START Data to process

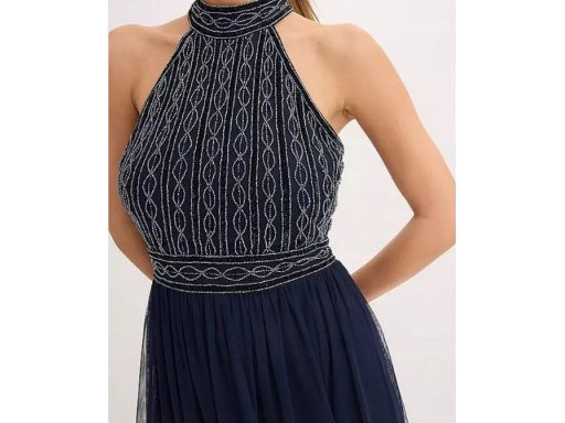 B.P.C długa sukienka wieczorowa granatowa z koralikami 38.
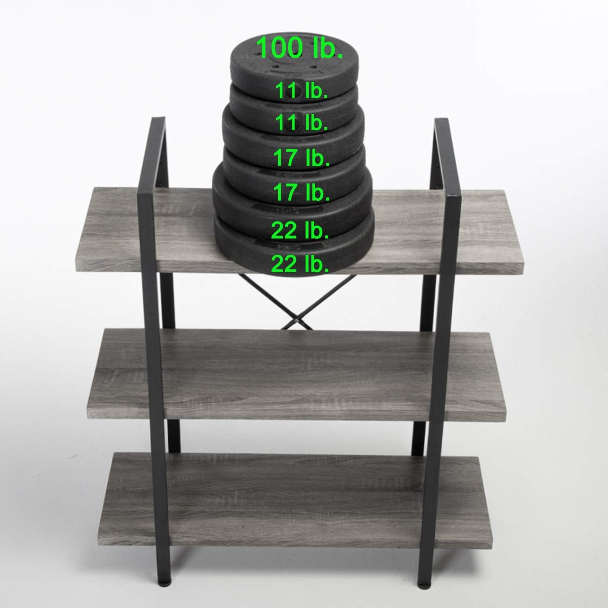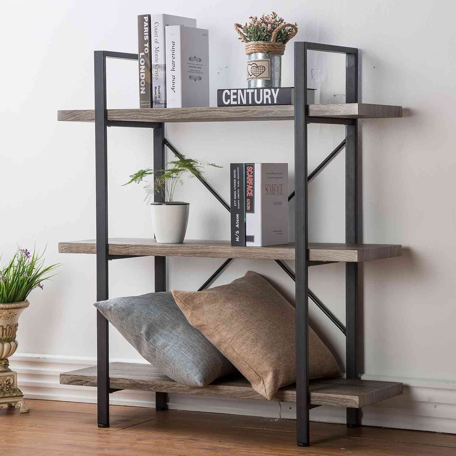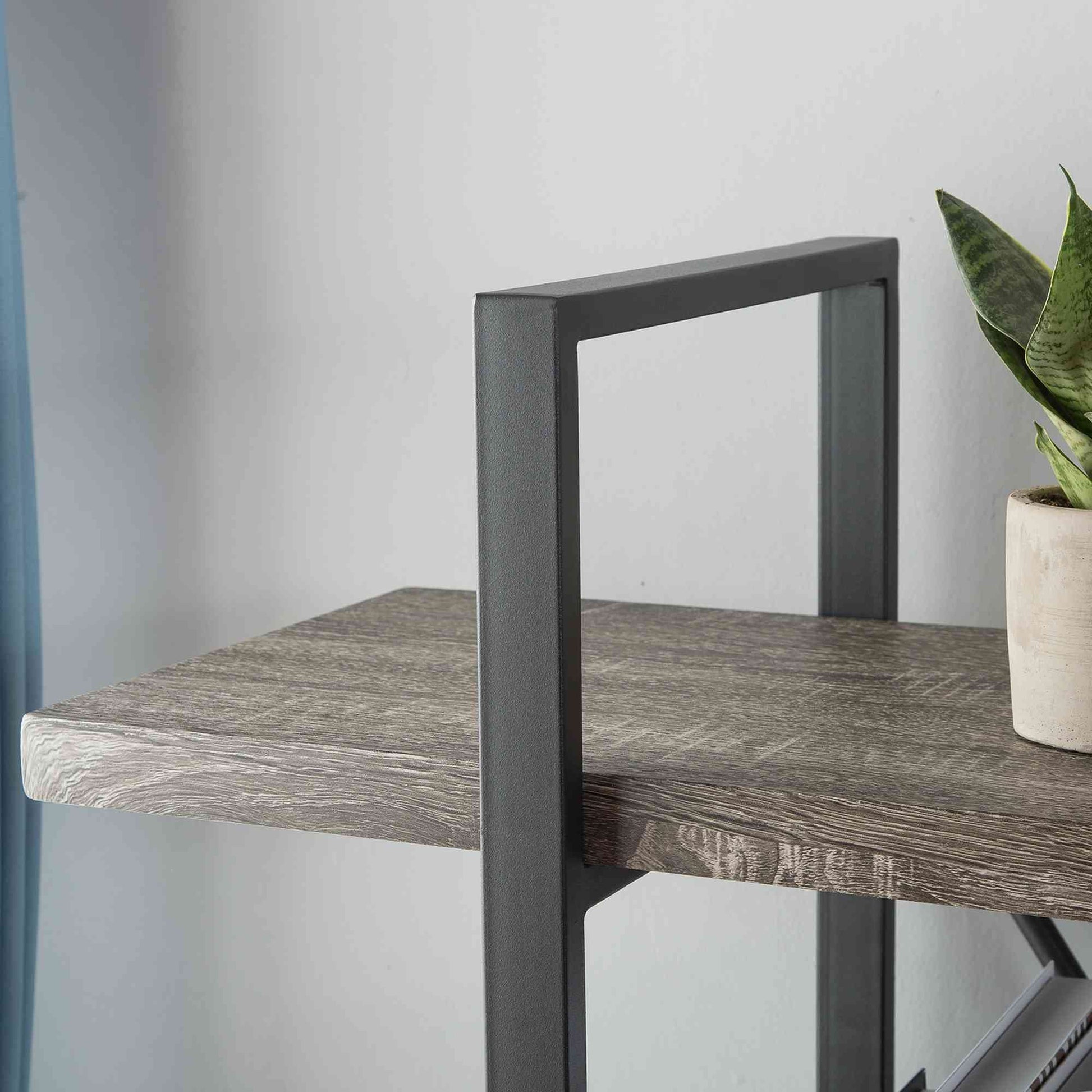 Take Home Design to New Heights: Artfully crafted of wood grain and metal, this elegantly rustic grey industrial 3 tier bookcase takes your home office design to new heights
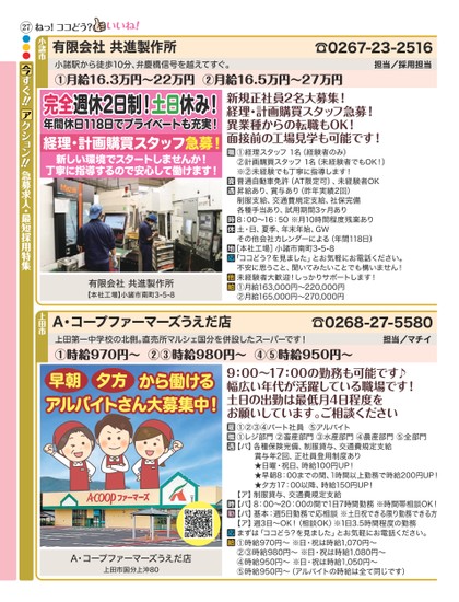 今☎0267-23-2516担当/採用担当小諸駅から徒歩10分、弁慶橋信号を越えてすぐ。①月給16.3万円〜22万円②月給16.5万円〜27万円完全週休2日制!土日休み!年間休日118日でプライベートも充実!経理・計画購買スタッフ急募!新しい環境でスタートしませんか!丁寧に指導するので安心して働けます!有限会社共進製作所【本社工場】小諸市南町3-5-8新規正社員2名大募集!経理・計画購買スタッフ急募!異業種からの転職もOK!面接前の工場見学も可能です!①経理スタッフ1名(経験者のみ)②計画購買スタッフ1名(未経験者でもOK!)※②未経験でも丁寧に指導します!普通自動車免許(AT限定可)、未経験者OK昇給あり、賞与あり(昨年実績2回)制服支給、交通費規定支給、社保完備各種手当あり、試用期間3ヶ月あり8:00〜16:50※月10時間程度残業あり土・日、夏季、年末年始、GWその他会社カレンダーによる(年間118日)[本社工場]小諸市南町3-5-8「ココどう?を見ました」とお気軽にお電話ください。不安に思うこと、聞いてみたいことでも構いません!未経験者大歓迎!しっかりサポートします!①月給163,000円〜220,000円②月給165,000円〜270,000円有限会社共進製作所小諸市ねっ!ココどう?27●●●すぐ!!クション!!急募求人・最短採用特集☎0268-27-5580担当/マチイ上田第一中学校の北側。直売所マルシェ国分を併設したスーパーです!①時給970円〜②③時給980円〜④⑤時給950円〜A・コープファーマーズうえだ店上田市夕方早朝から働けるアルバイトさん大募集中!9:00〜17:00の勤務も可能です♪幅広い年代が活躍している職場です!土日の出勤は最低月4日程度をお願いしています。ご相談ください①②③④パート社員⑤アルバイト①レジ部門②畜産部門③水産部門④農産部門⑤全部門【パ】各種保険完備、制服貸与、交通費規定支給賞与年2回、正社員登用制度あり★日曜・祝日、時給100円UP!★早朝8:00までの間、1時間以上勤務で時給200円UP!★夕方17:00以降、時給150円UP!【ア】制服貸与、交通費規定支給【パ】8:00〜20:00の間で1日7時間勤務※時間帯相談OK!【パ】基本:週5日勤務で応相談※土日祝できる限り勤務できる方【ア】週3日〜OK!(相談OK)※1日3.5時間程度の勤務まずは「ココどう?を見ました」とお気軽にお電話ください。①時給970円〜※日・祝は時給1,070円〜②③時給980円〜※日・祝は時給1,080円〜④時給950円〜※日・祝は時給1,050円〜⑤時給950円〜(アルバイトの時給は全て同じです)A・コープファーマーズうえだ店上田市国分上沖80
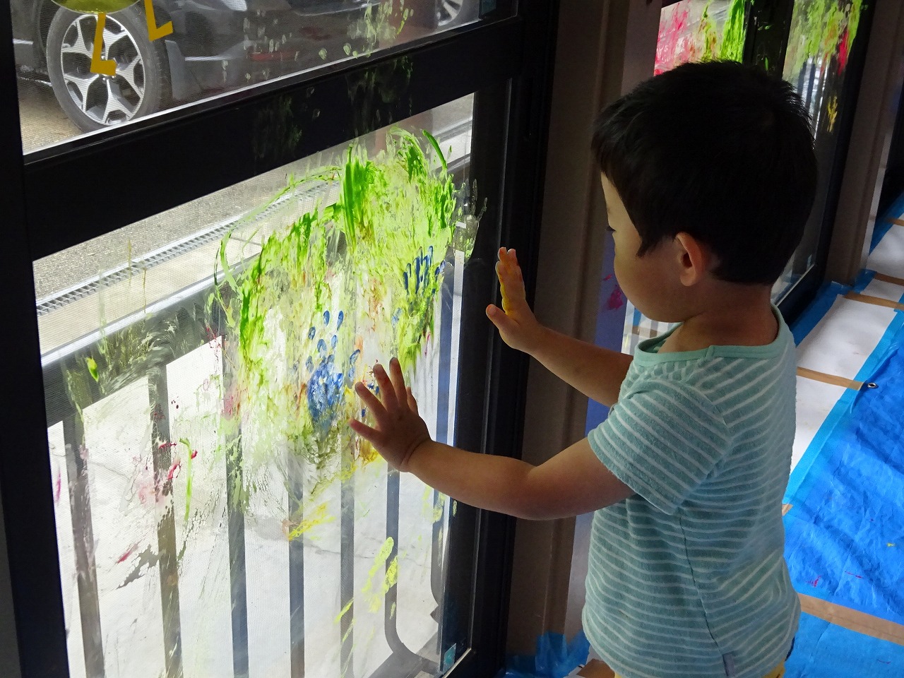床一面に大きく敷いた紙や窓ガラス・自分の体やママの服に、自由に絵具を塗りました。
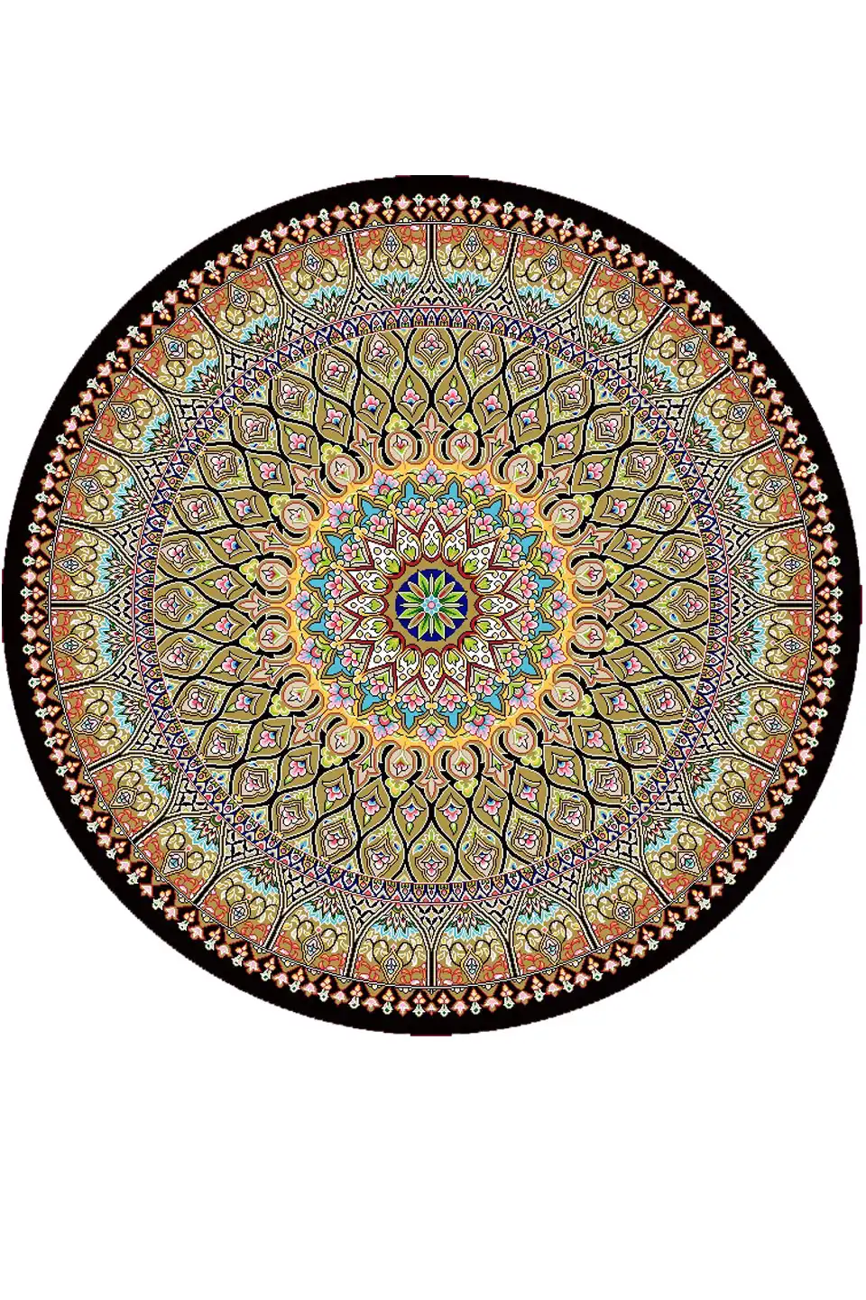 فرش ابریشم ماشینی گرد مشکی

END Data to process

#### [Instructions to follow]
Starting at the line that contains "床一面に大きく敷いた紙や窓ガラス・自分の体やママの服に、自由に絵具を塗りました。", return every line through the end of the records above exactly as written, and return no pictures.

#### [Solution to the exercise]
床一面に大きく敷いた紙や窓ガラス・自分の体やママの服に、自由に絵具を塗りました。
 فرش ابریشم ماشینی گرد مشکی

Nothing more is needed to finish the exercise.